Last week, The Economist published an article titled How to cut the murder rate. The article does a good job presenting the issue of homicides around the world and pointing out how although there has been an increase in peace in developed countries, murder rates are affecting the developing world. As I have already pointed out in previous posts, Latin America and the Caribbean (LAC) is the most violent region in the world. The article states that this region has 8% of the world’s population but 38% of all recorded murders. Violence in the form of murder also plague other regions of the world such as southern Africa, the Middle East, and Africa, but nothing compares to LAC. Seven countries in Latin American account for a quarter of the world’s murders.
The article places great emphasis on rapid urbanization as a contributing factor to violence. This is true, but Latin America, as well as other regions in the world, is already suffering from this issue. Hence, the emphasis on chaotic urbanization serves as a good scene-setter for the article, but more needs to be said about chaotic urbanization, especially if the objective is to make a link between this rapid urbanization, poverty, and violence.
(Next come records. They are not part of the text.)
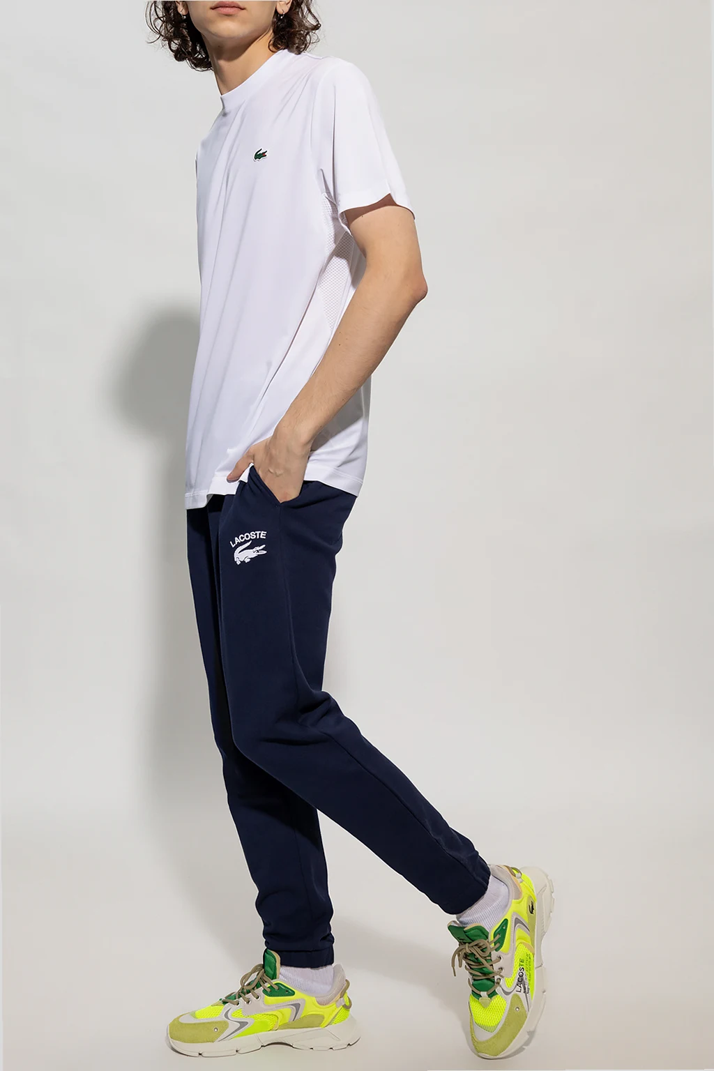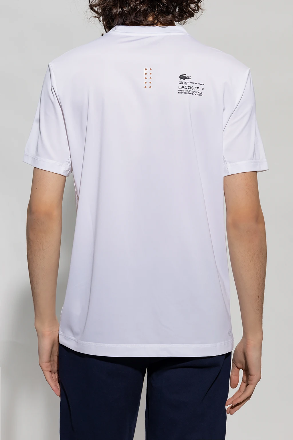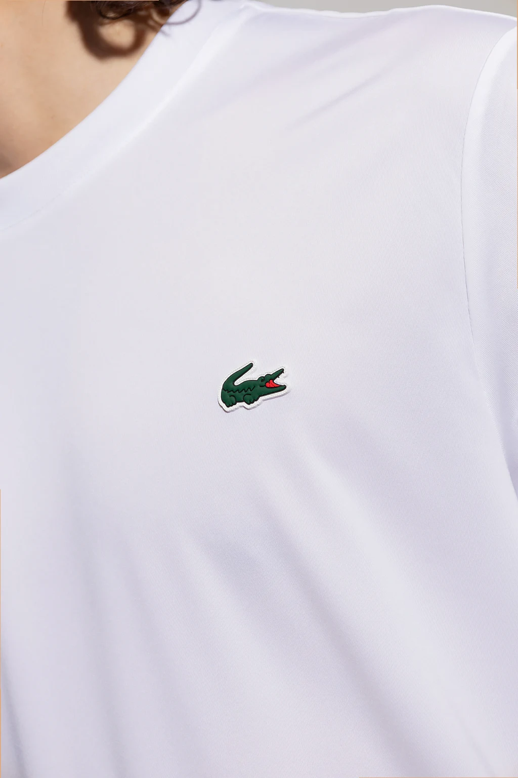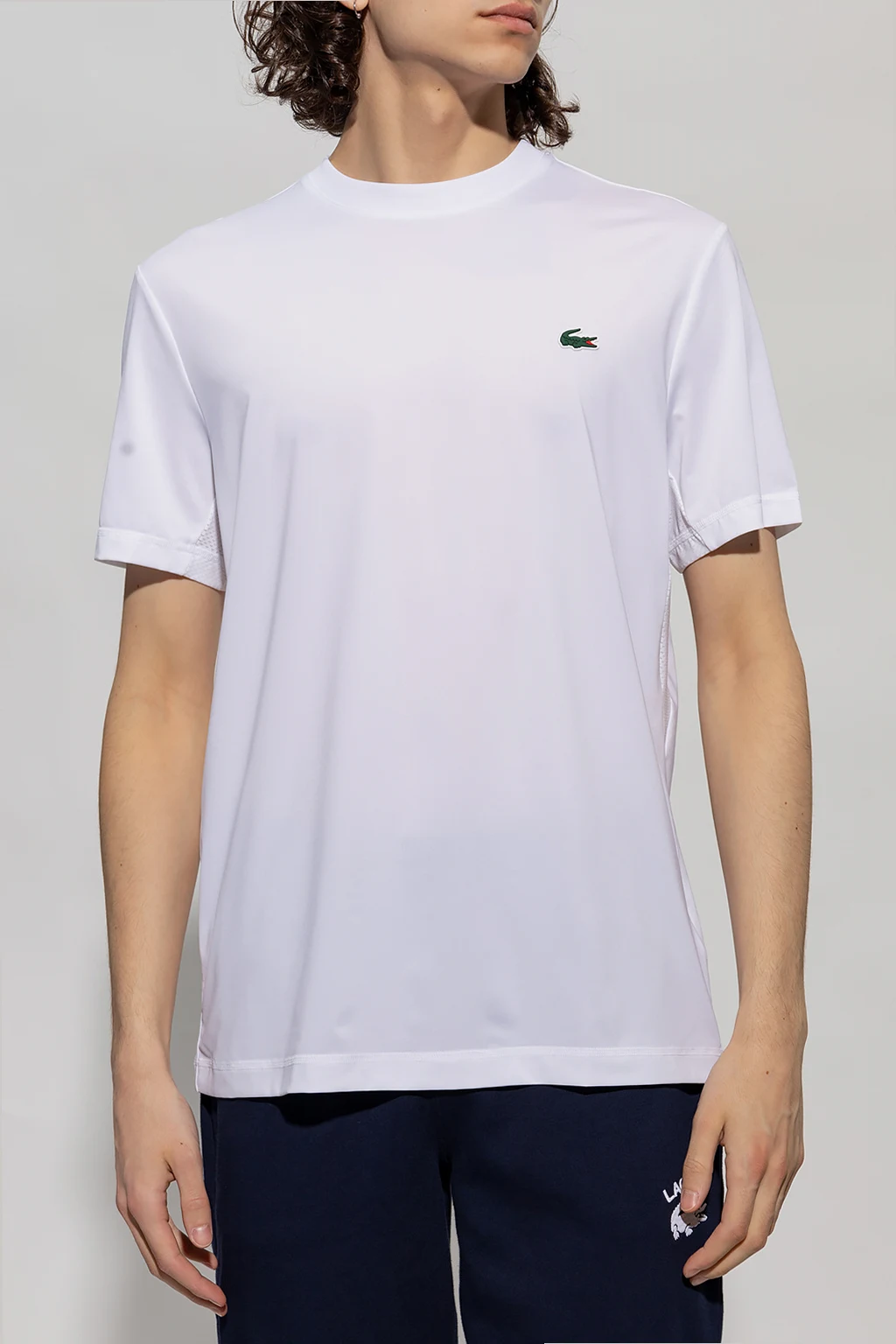 Biały t-shirt Lacoste. Ozdobiony naszywką z logo. Po bokach perforacja. Okrągły dekolt. Krótkie rękawy.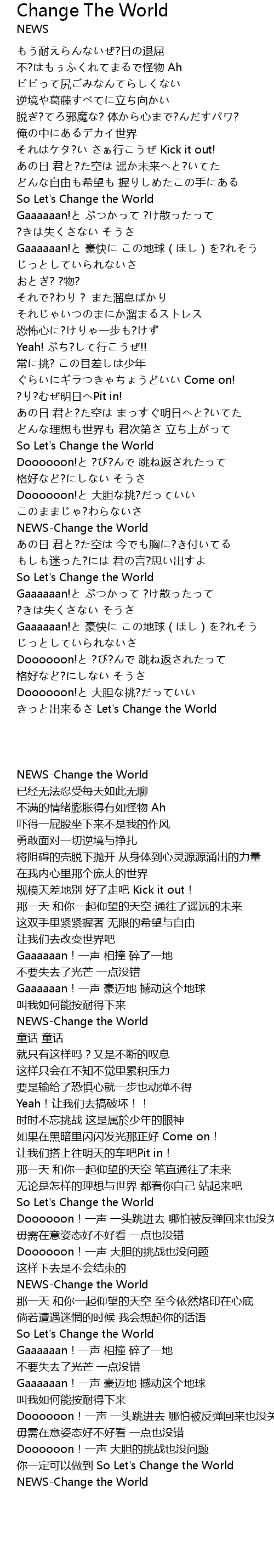 | [04:04.630] | きっと出来るさ Let's Change the World |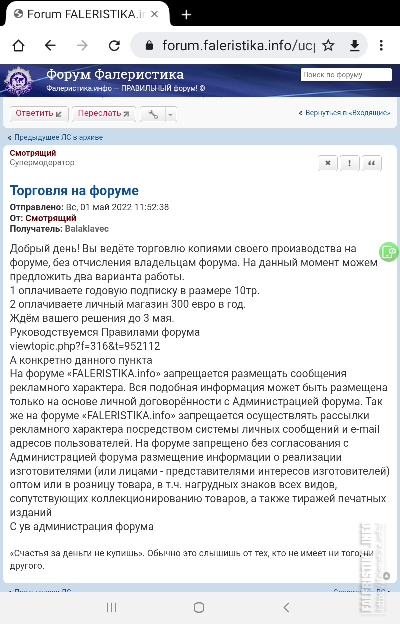 Виталий, а что "причёмного" в данной теме? Ваша цитата сама за себя красноречиво говорит. В данном конкретном случае нет проблем "связанных с торговой деятельностью на Форумах-SU или на Форуме Faleristika.info".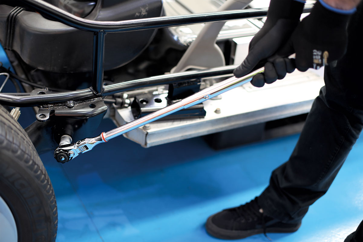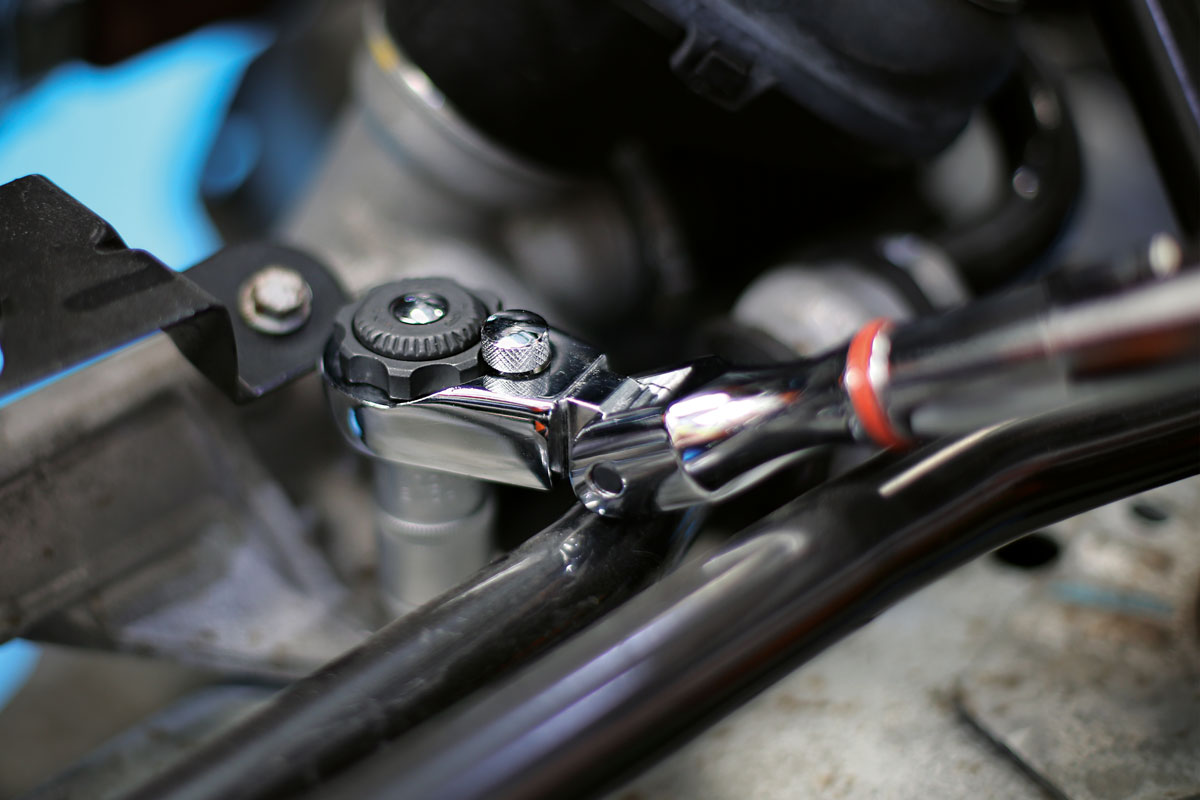 - Flexible ratchet head that features a ratchet lock button allowing more torque to be applied when being used as a power bar. Max torque: 610Nm.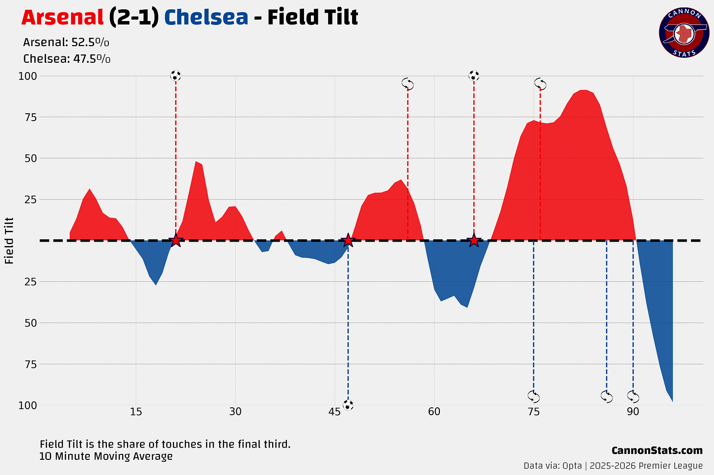 I do think that there is a bit of a potential correlation that this is also the season where Arsenal have less control, especially in pivotal high-pressure situations than they had in season’s past. Zubimendi may play the same position as Jorginho and Thomas Partey but he does it in a different style and I think that is apparent in matches like this.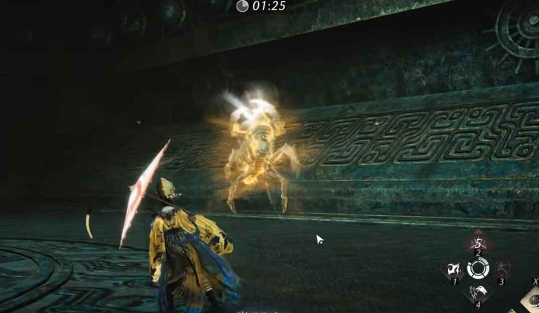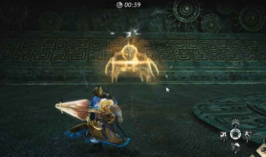 远程三连:当它双手张开、头部抖动泛金光时,会发射三次远程攻击,使用闪避躲开。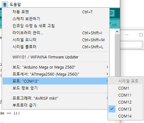아두이노 IDE 프로그램을 실행 후 다음과 같이 장치관리자에 뜬 포트번호만 설정합니다.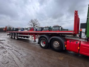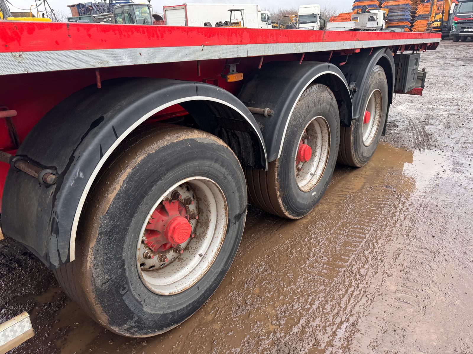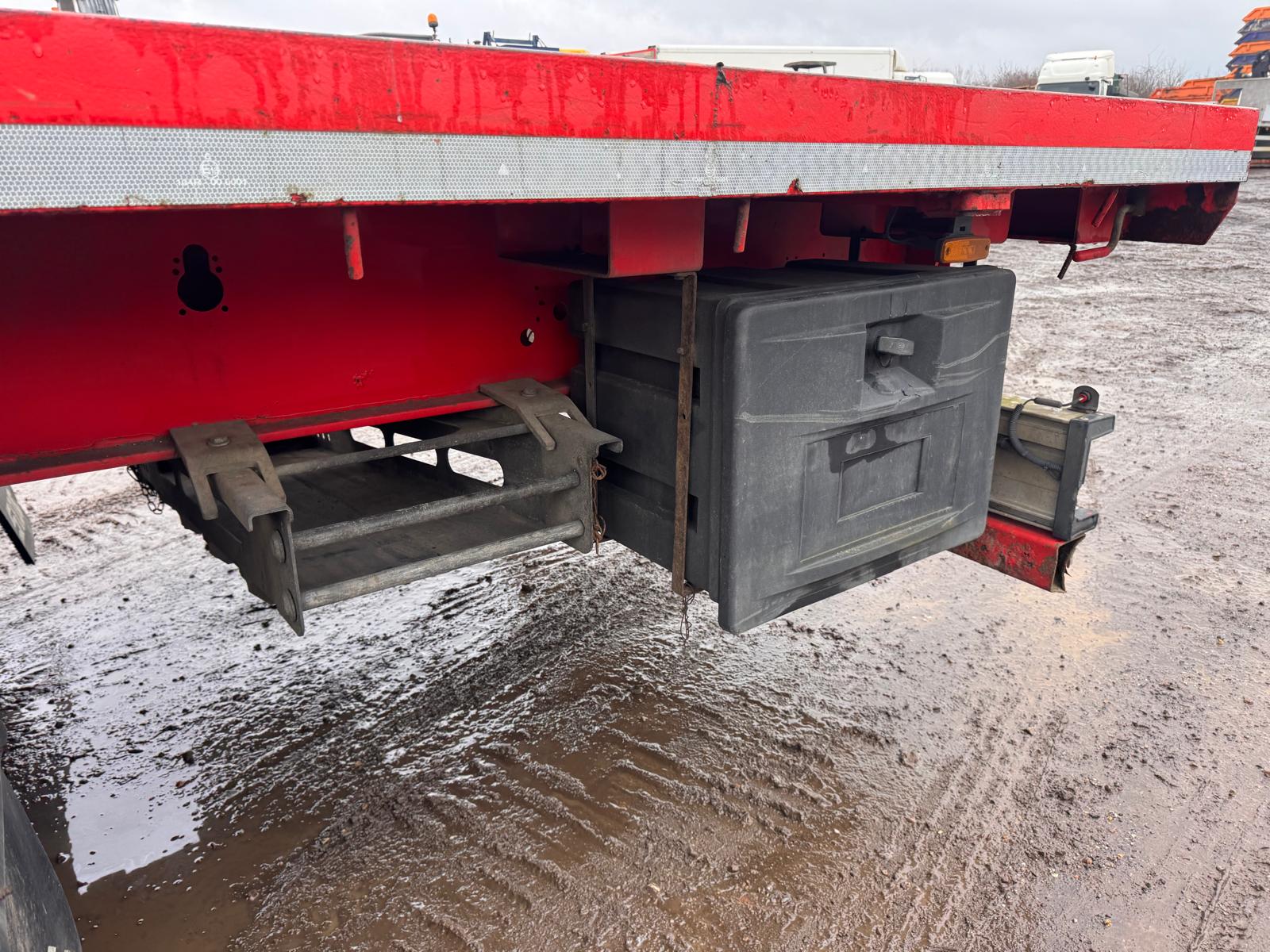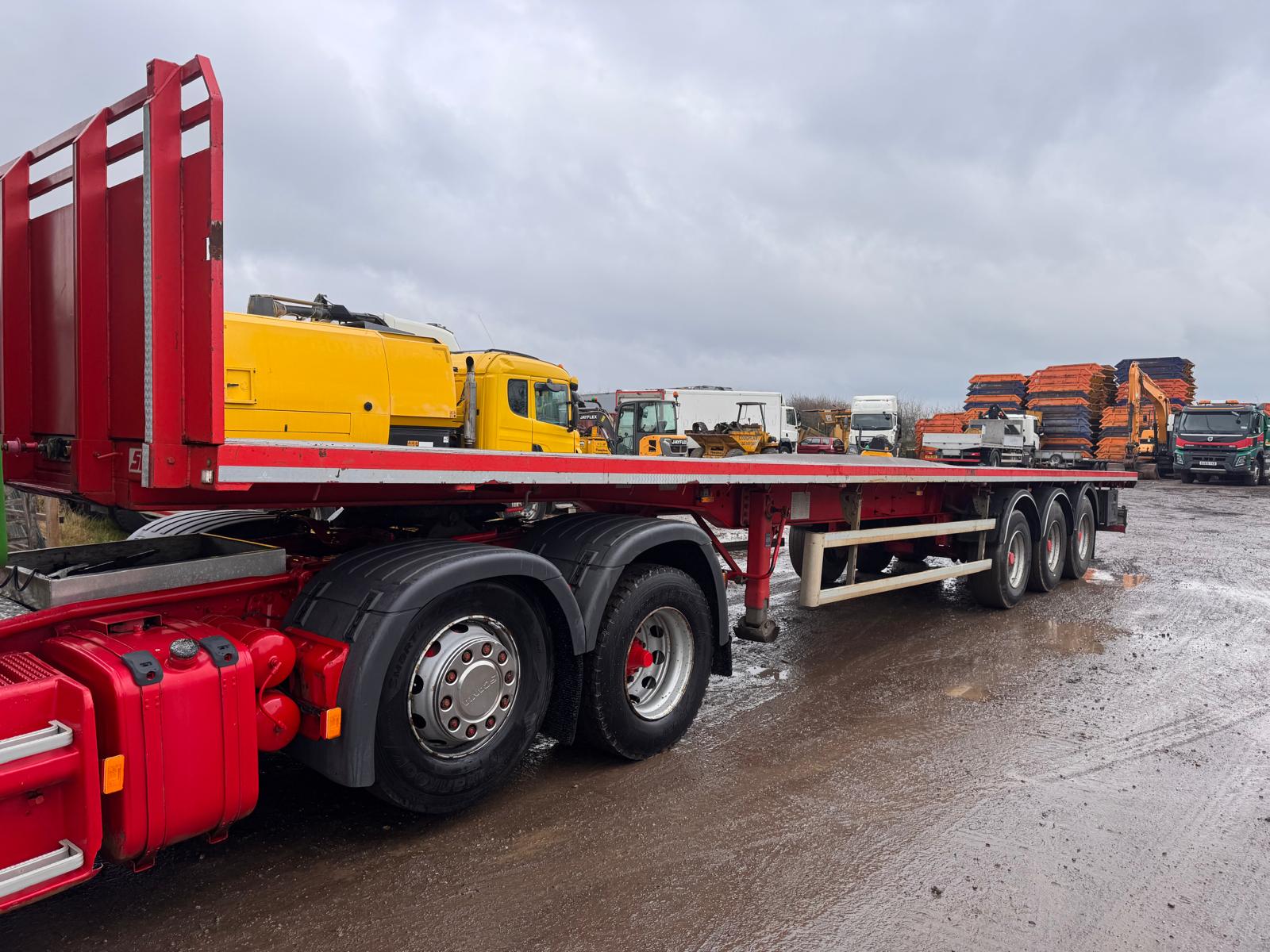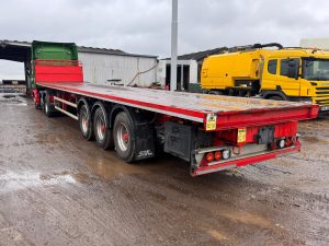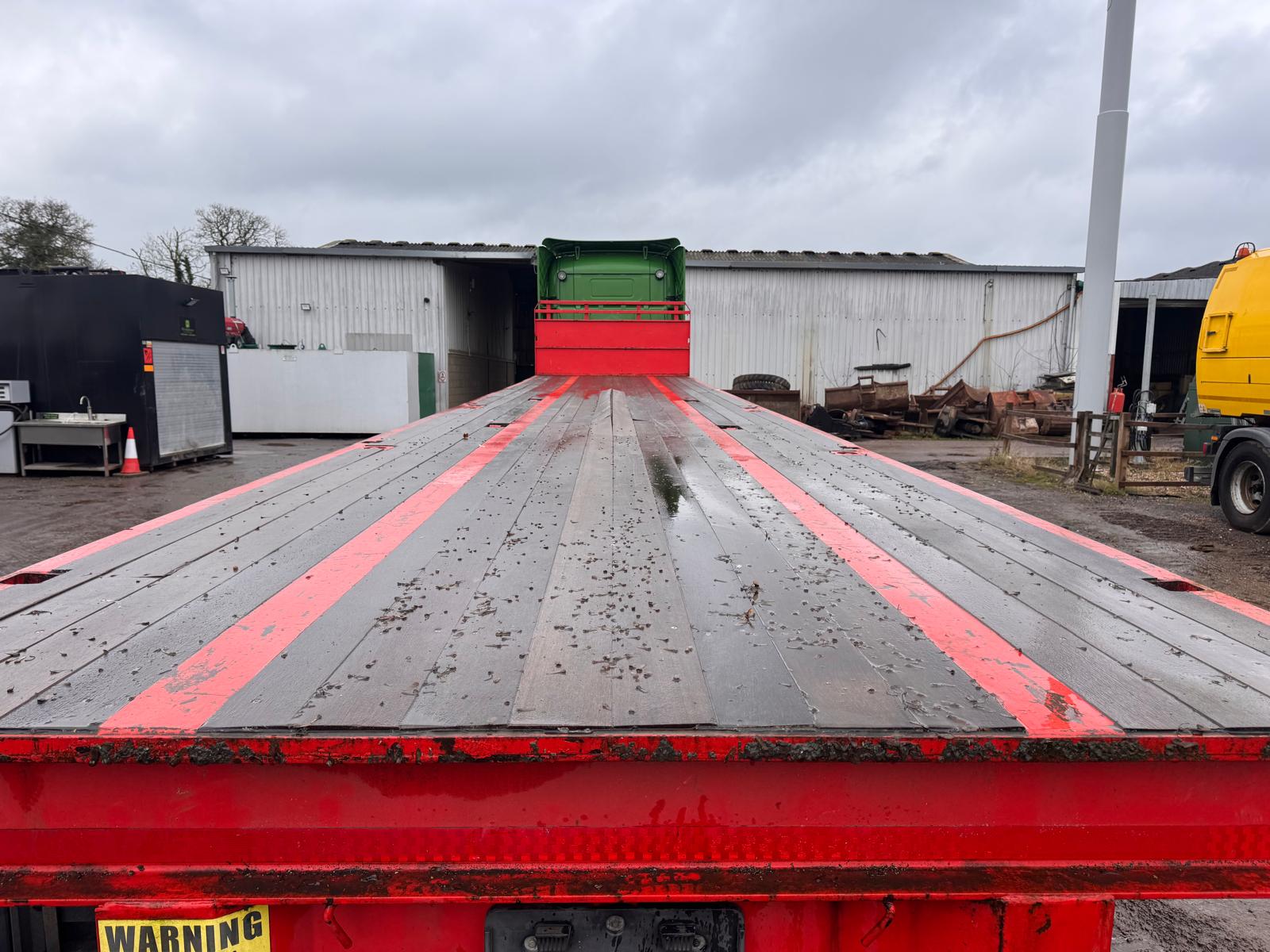 2014 SDC 45FT FLAT TRAILER, POST HOLES, CONTAINER LOCKS, AIR SUSPENSION, POST CARRIER, STORAGE BOX, JUST OUT OF TEST BUT CAN BE ARRAGNGED. STRAIGHT TRAILER

Many studies have shown that a definite correlation between poverty and violence cannot be made. A study of Colombian departments conducted by Corpovisionarios shows that departments with the lowest GDP per capita were not the ones with the highest homicide rates. In fact, these departments were among the least violent in Colombia. Lack of opportunities may play a role in violent behaviors, but as I constantly mention, causal relationships that only use one independent variable cannot be made to explain violence.
Also, if we part from the assumption that lack of economic growth is what causes violence, we are missing many experiences around the world that prove the opposite. Take Ciudad Juarez, Mexico. Eight years ago, Ciudad Juarez gained the infamous title of murder capital of the world. Rapid economic growth in the maquila industry led to a rapid urbanization without social, economic, or educational infrastructure. This destroyed the social fabric, leaving youth with no parental supervision (some parents worked two shifts), education, or support networks to provide services to them after school. The economic boom in this area resulted in increased violence and reduced of social cohesion.
Rapid and chaotic urbanization is inevitable, and there is little governments can do in the developing world to stop it. As a result, governments need to find strategies to better manage this inevitable urban growth (up to 90% of urban growth will occur in the developing world). The following are some recommendations to prevent violence from erupting in a rapidly and chaotic urbanizing area:
Work at the municipal level to identify and provide needed social, economic, educational, and political infrastructure. Prioritize based on most pressing needs.
Conduct assessments to identify possible sources of violence and engage communities in decision-making processes. Work with community leaders who are respected and can voice the community’s concerns.
Do not deploy the police or armed forces if their only strategy is repression. Adopt community policing strategies to build trust between the community and the police. Increased trust in the police will increase reporting of illegal acts and will assist in the identification of the sources of violence.
Ensure there is transparency in all processes. Community cohesion is built by generating trusted networks of relationships, citizen participation, sense of community, and the ability to obtain transparent information and critically processing it. Lack of transparency generates information asymmetry and reduces the sources of competence in a community.
Causal relationships cannot be made in the field of violence. Economic growth is ideal, but should not be the only goal to prevent violence. It should be accompanied by a plan to allow places to grow in a way that generate community cohesion and resilience.